(Data block Opens)

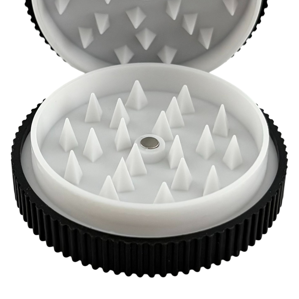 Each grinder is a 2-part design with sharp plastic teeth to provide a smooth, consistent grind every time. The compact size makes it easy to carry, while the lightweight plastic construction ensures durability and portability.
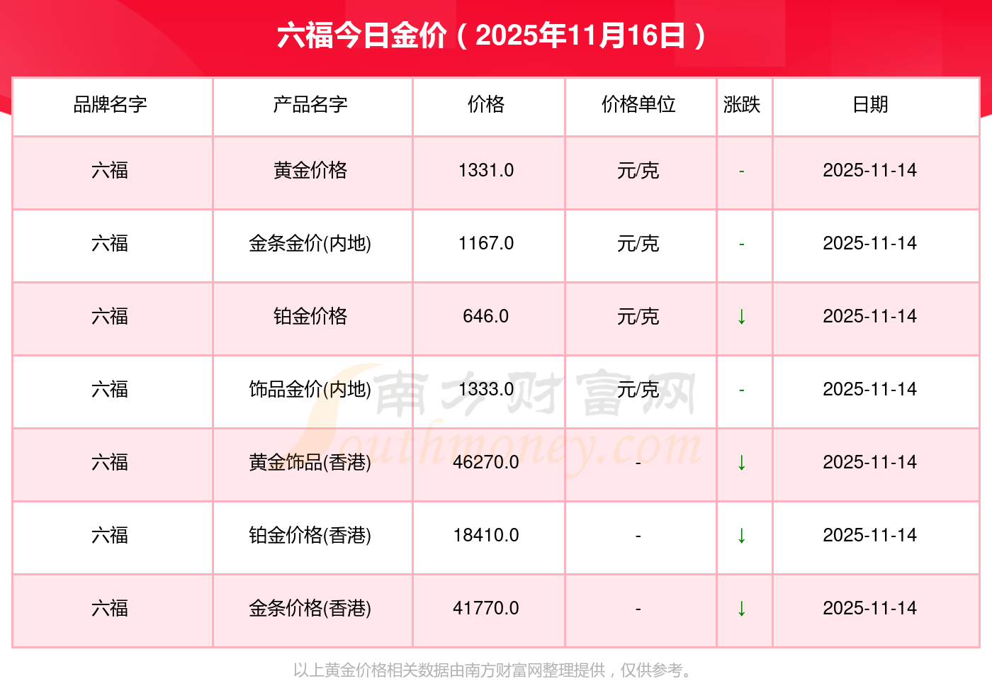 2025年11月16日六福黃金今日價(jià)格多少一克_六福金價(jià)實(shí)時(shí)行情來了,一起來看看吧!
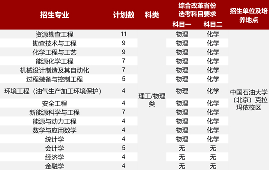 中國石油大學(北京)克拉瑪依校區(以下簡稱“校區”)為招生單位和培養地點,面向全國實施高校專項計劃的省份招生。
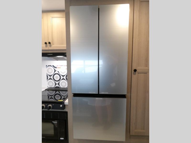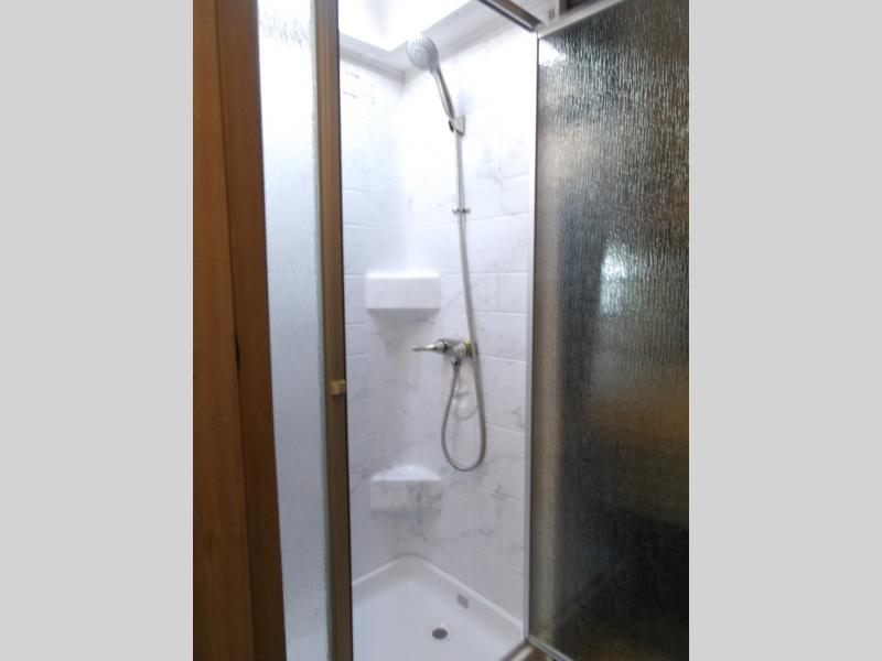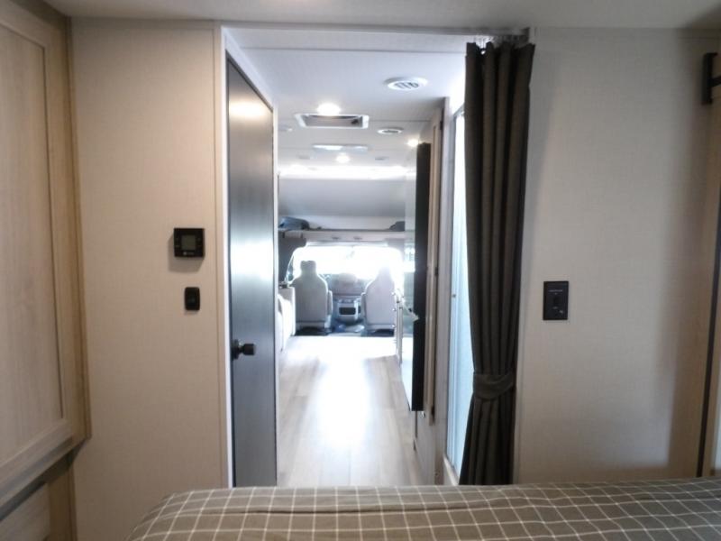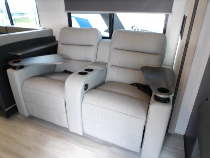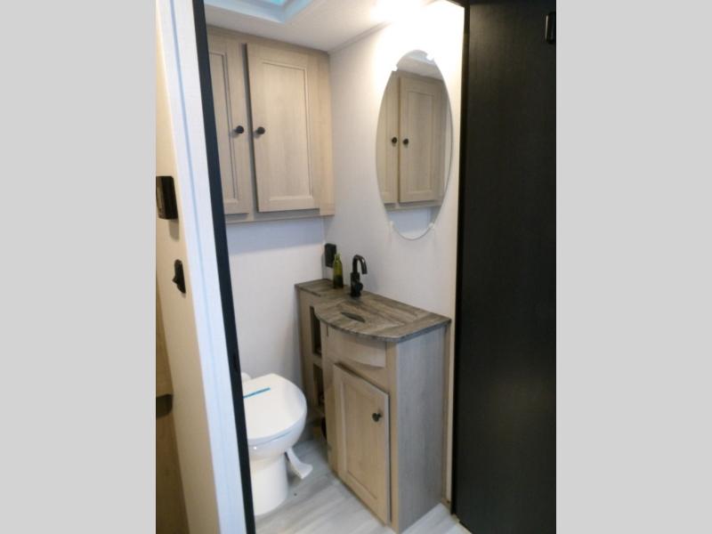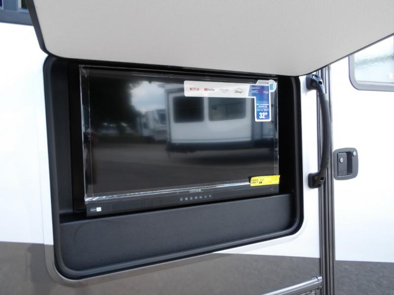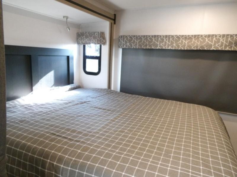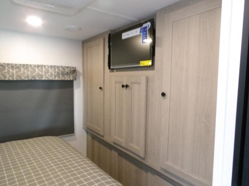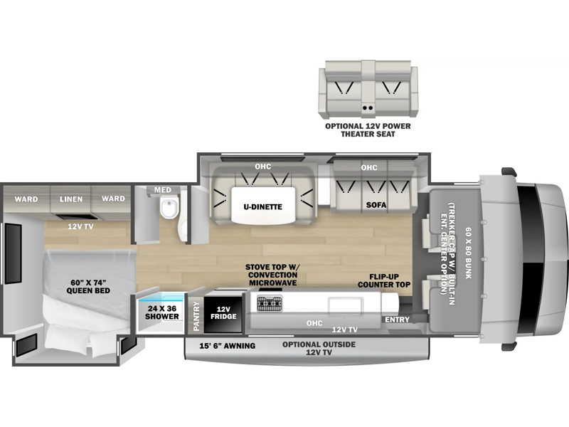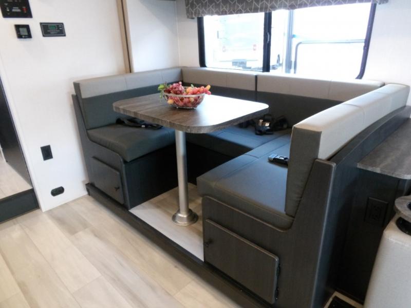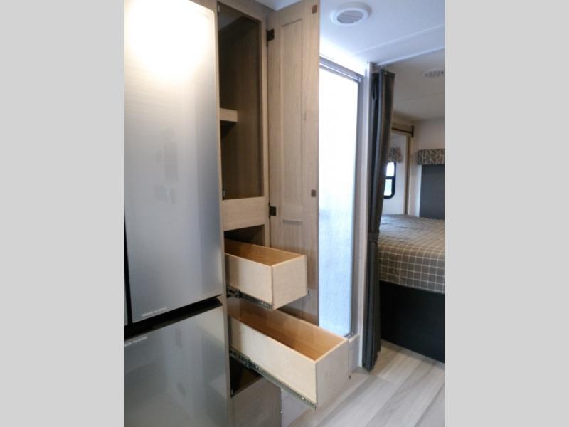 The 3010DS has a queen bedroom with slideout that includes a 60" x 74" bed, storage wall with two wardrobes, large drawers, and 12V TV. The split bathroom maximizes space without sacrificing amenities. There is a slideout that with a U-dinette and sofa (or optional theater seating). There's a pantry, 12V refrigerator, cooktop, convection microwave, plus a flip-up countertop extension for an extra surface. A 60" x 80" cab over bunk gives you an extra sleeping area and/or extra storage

(Data block Closes)

* Your instructions *
From the first line to the last, write out the data above exactly. Omit the pictures.

* The answer *
 Each grinder is a 2-part design with sharp plastic teeth to provide a smooth, consistent grind every time. The compact size makes it easy to carry, while the lightweight plastic construction ensures durability and portability.
 2025年11月16日六福黃金今日價(jià)格多少一克_六福金價(jià)實(shí)時(shí)行情來了,一起來看看吧!
 中國石油大學(北京)克拉瑪依校區(以下簡稱“校區”)為招生單位和培養地點,面向全國實施高校專項計劃的省份招生。
 The 3010DS has a queen bedroom with slideout that includes a 60" x 74" bed, storage wall with two wardrobes, large drawers, and 12V TV. The split bathroom maximizes space without sacrificing amenities. There is a slideout that with a U-dinette and sofa (or optional theater seating). There's a pantry, 12V refrigerator, cooktop, convection microwave, plus a flip-up countertop extension for an extra surface. A 60" x 80" cab over bunk gives you an extra sleeping area and/or extra storage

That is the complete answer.